National Motorcycle Safety Awareness Month

National Motorcycle Safety Awareness Month

May 4, 2020

Imagine you are riding a motorcycle on Interstate 26. The sun is beating down on your back, the wind is rushing past, and you are enjoying the mountain views as you ride towards North Carolina. Suddenly the car in the lane next to you moves into your lane, cutting you off and causing you to hit your brakes and veer off onto the shoulder to avoid a collision. Thankfully, you were able to avoid a crash by remaining vigilant and reacting quickly. Had you not, you likely would have suffered not just property damage but also bodily injury since you were on a motorcycle. Unfortunately, many motorcycle versus automobile collisions do not end as well. So what can motorcyclists as well as automobile drivers both do to increase everyone’s safety on the road?

Motorcycle safety and awareness differs from that of cars for several reasons. Motorcyclists are vastly more exposed to dangers on the road and not just from other vehicles. Road debris, such as loose gravel and oil slicks, and weather conditions also pose hazards. Proper protective gear and watchful eyes can help mitigate these conditions, but accidents do still happen. For this reason, Tennessee requires the use of a Department of Transportation approved helmet for drivers and passengers of motorcycles. You can even go a step above by wearing a SNELL-approved helmet, which has undergone more rigorous testing than a helmet with the D.O.T.’s stamp of approval. Even if you are “just going for a quick spin” on your bike, don’t chance injury by ignoring this law. Our firm has sadly seen the tragic end-result of this type of situation, and we stress the importance of safety first. A simple rear-end collision between two automobiles that only results in property damage could mean severe injuries if the collision occurs between a car and a motorcyclist.

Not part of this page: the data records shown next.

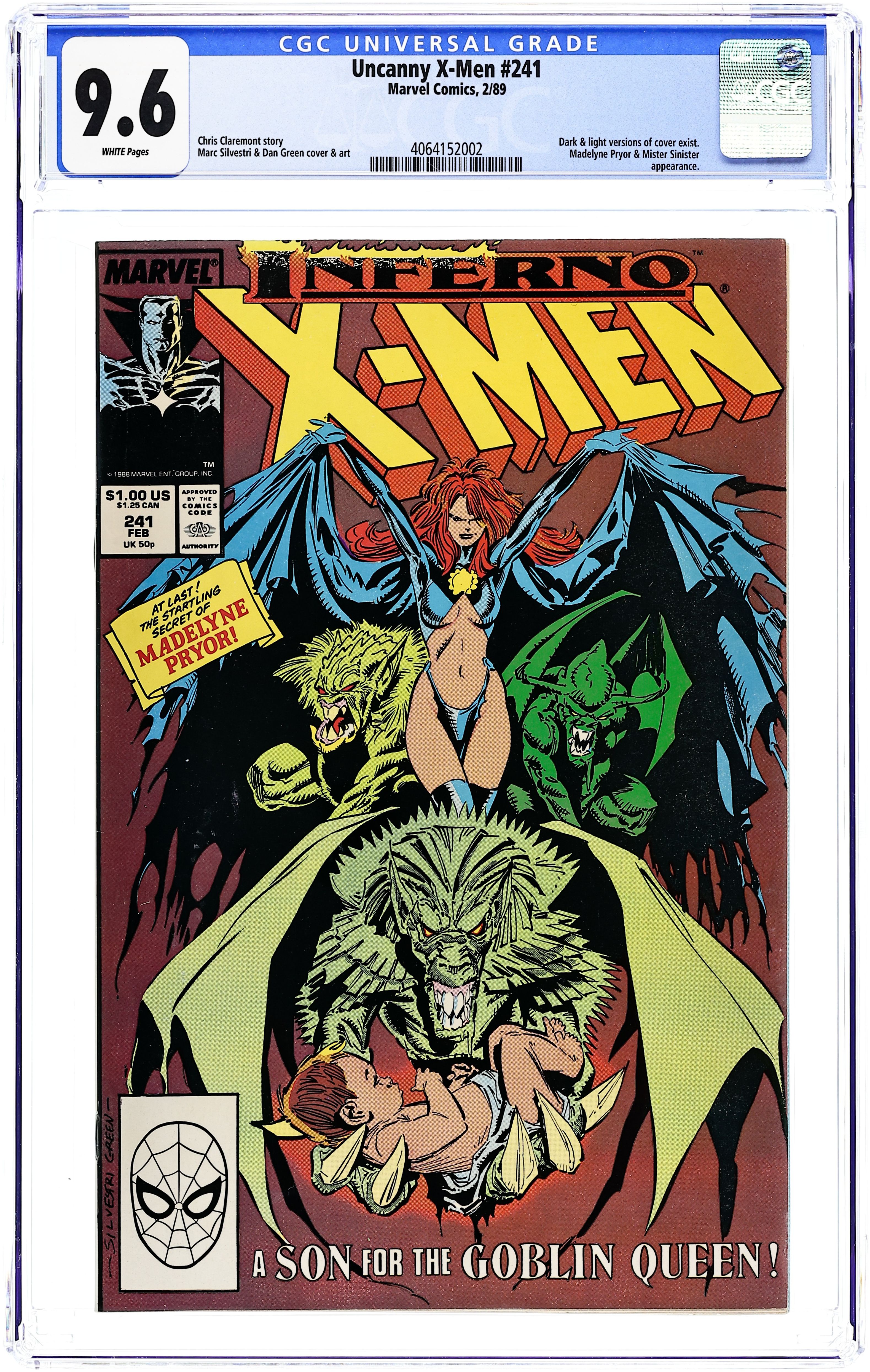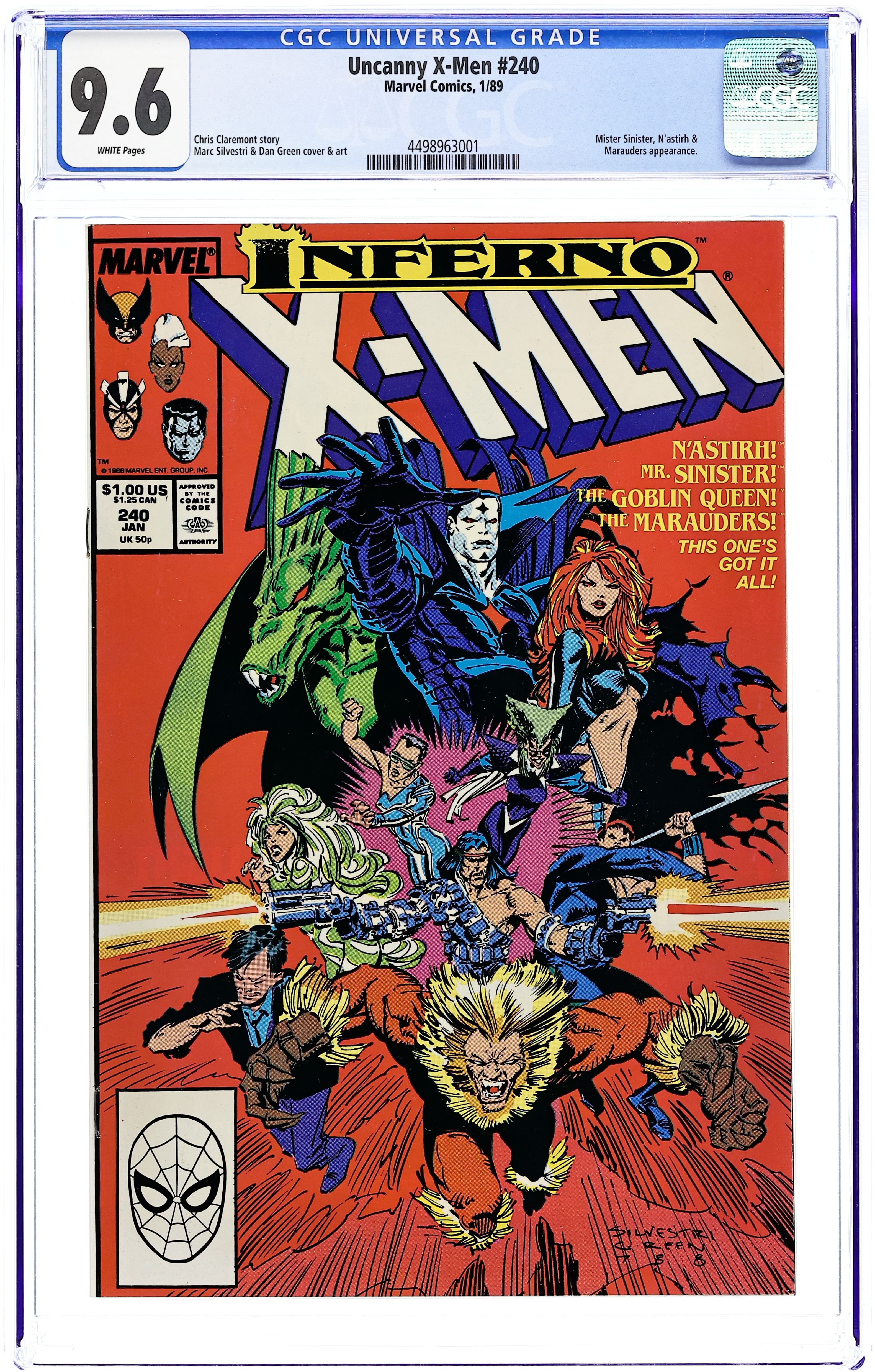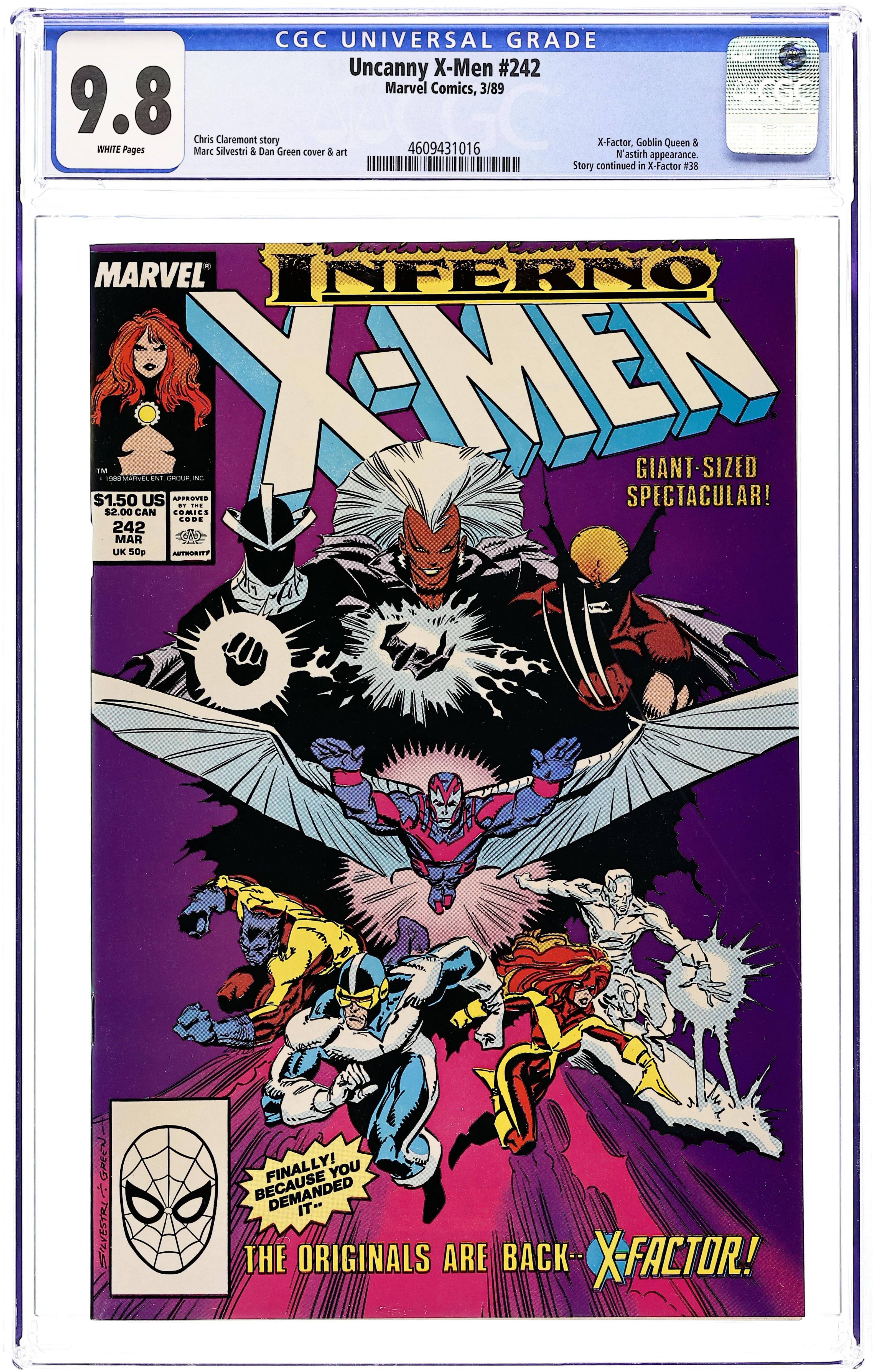 Giant-Sized Spectacular - Inferno: Part 4 of 7 - "Burn!" Guest-starring X-Factor. Story by Chris Claremont. Art and cover by Marc Silvestri and Dan Green. Story continued from X-Factor (Vol. 1) #37. It had to happen...the original X-Men - Cyclops, Ice Man, Archangel, Beast, and Jean Grey - are back! But with the demonic spell cast over New York City will X-Man be forced to fight X-Man. Plus, more startling revelations about Scott and Madelyne's baby, and more twists and turns in the storyline that has consumed the Marvel Universe - Inferno! Story continued in X-Factor (Vol. 1) #38. NOTE: The Inferno also runs through New Mutants #71-73. 52 pgs. Cover price $1.50.
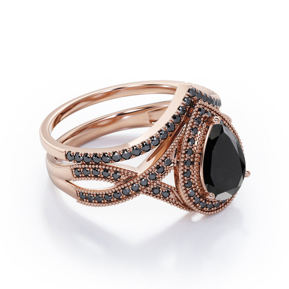 1.75 ct Pear Lab Black Diamond Milgrain Halo Wedding Ring Set
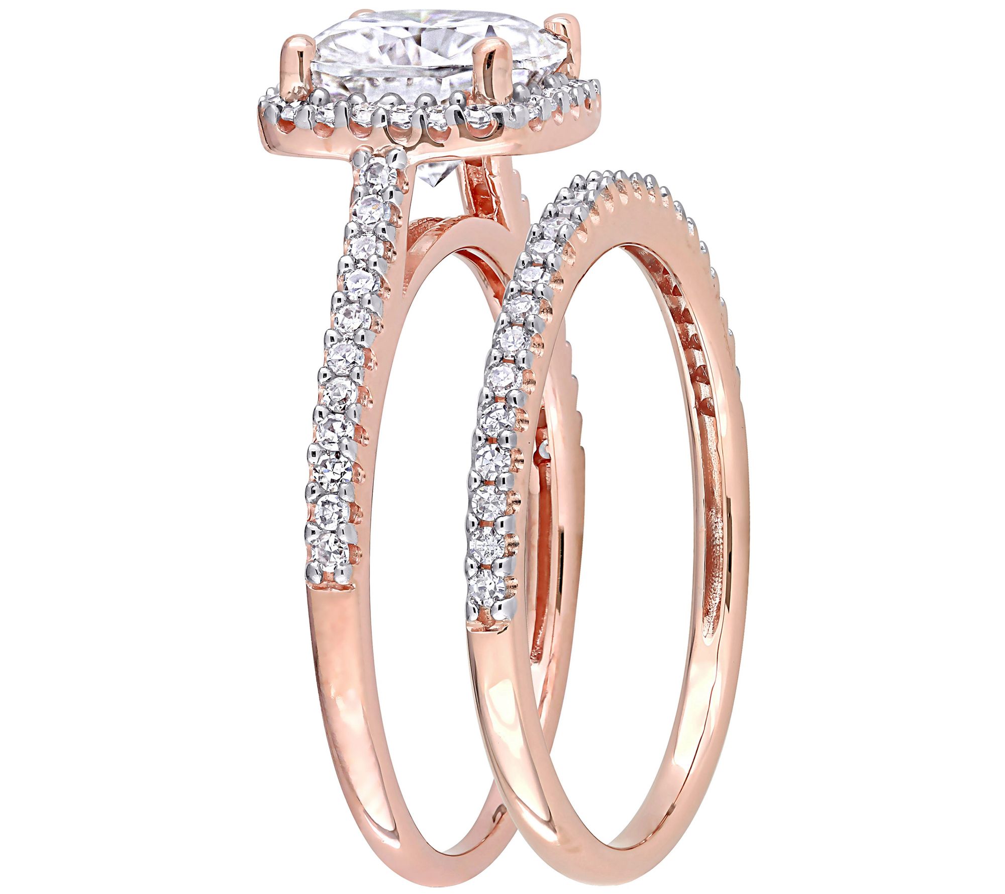 MiossanIce Moissanite & Diamond Ring Set, 14K Rose Gold
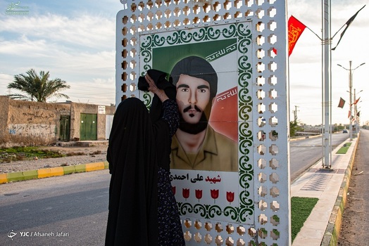 منیژه صحراگرد مادر شهید علی احمدی از روستای بنه گز شهرستان تنگستان استان بوشهر است. فرزند او شهید علی احمدی با تغییر سن خود در شناسنامه عازم جبهه شد و در جزیره موسیان به درجه رفیع شهادت نائل گردید. تصویر این شهید در خیابان اصلی نصب شده است و مادر شهید هر روز با شور و نشاط اقدام به تمیز کردن تصویر پسرش و دیگر شهیدان میکند. خانم صحراگرد هیچ وقت ابراز ناراحتی برای شهادت فرزندش نکرده است.
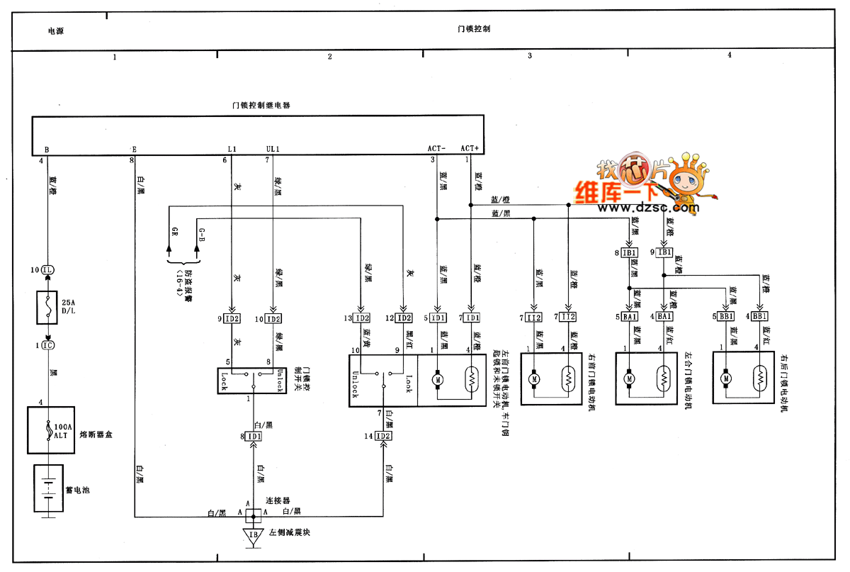 Tianjin VIOS gate lock control circuit diagram, as shown:
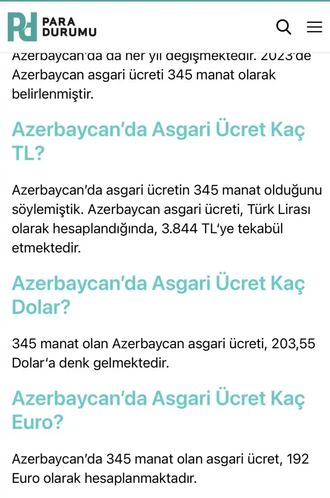 Sizin ülkenizde asgari ücret 345 manatmış. Doğru mu?
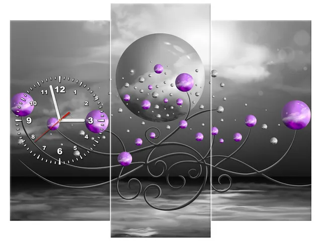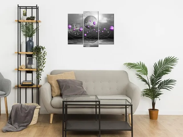 ZP5588A_3K Obraz na stenu s hodinami Fialové gule na sivom pozadí |
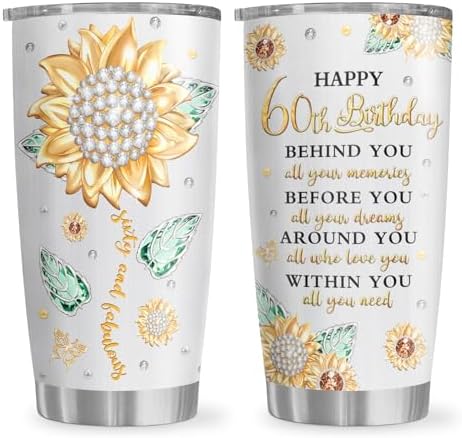 View full details60th Birthday Gifts for Women Tumbler 20oz, Happy 60th Birthday Decorations, 60 Year Old Gifts for Women/Her/Mom/Grandma
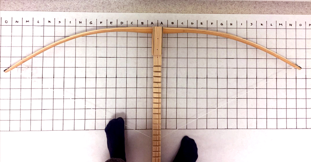 Der Bogen biegt nur griffnah. Du bist gut unterwegs jetzt musst Du einfach beidseits an die Wurfarmenden ran.
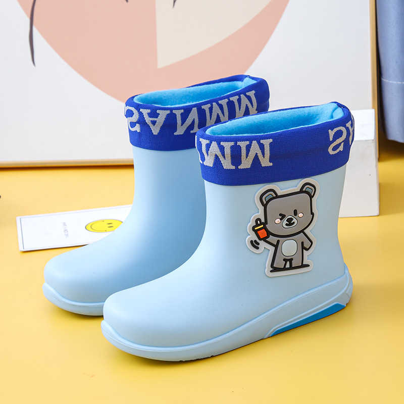 유행 만화 면화 따뜻한 어린이 레인 부츠 플랫 미끄럼 방지 스크래치 방지 발 어린이 레인 부츠 남성용 및 여성용 워터 슈즈스토어 가기
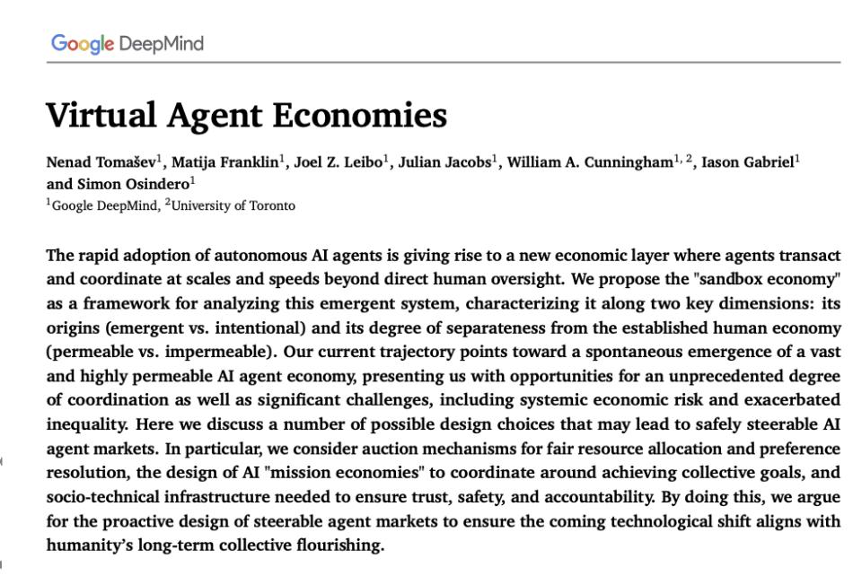 9月12日,Google DeepMind与多伦多大学研究人员发布了一篇论文《虚拟代理经济》(Virtual Agent Economies),在论文中,他们认为,一个由自主AI代理(Autonomous AI agents)构成的新经济层正在形成,它们将以超越人类理解的速度和规模进行交易与协作。

In addition to wearing a proper helmet, motorcyclists should always have an escape plan while riding. If a vehicle unexpectedly changes lanes or stops suddenly, what path will you take to avoid an accident? Is the shoulder of the road available? Can you stop suddenly without causing the vehicle behind you to crash into you? Is there an open lane to move into safely? Motorcyclists should constantly be considering these factors so they can best protect themselves should dangerous situations arise. Other safety tips for motorcyclists are to wear reflective gear at night, regularly check tire pressure and tread, and always make yourself visible to other motorists.

So, what extra precautions can automobile drivers take when on the road? The saying, “Look twice, save a life” is a great starting point. Motorcycles are much smaller than cars and can easily be missed, especially if you are in a hurry or the sun is in your eyes. Take the extra few seconds to double check your surroundings and ensure you are clear to proceed. Always use turn signals when making a turn or changing lanes so any nearby motorcyclists can anticipate the movement and adjust accordingly. Likewise, leave plenty of room between you and a bike. If either of you have to stop quickly or swerve to avoid something, this will protect both of you but especially the exposed motorcyclist.

With all of the risks of being on a motorcycle, why do so many people choose to ride? For some, it is a great distraction from the stresses of everyday life. For others, it is the feeling of freedom they get from being out on the open road with just themselves, their bikes, and nature. No matter how many motorcycle enthusiasts you talk to, though, you’ll get one prevailing consensus: they simply love it! May is National Motorcycle Safety Awareness Month, but be sure to practice the safety tips above every day when on the road. Have fun, be safe, and ride on!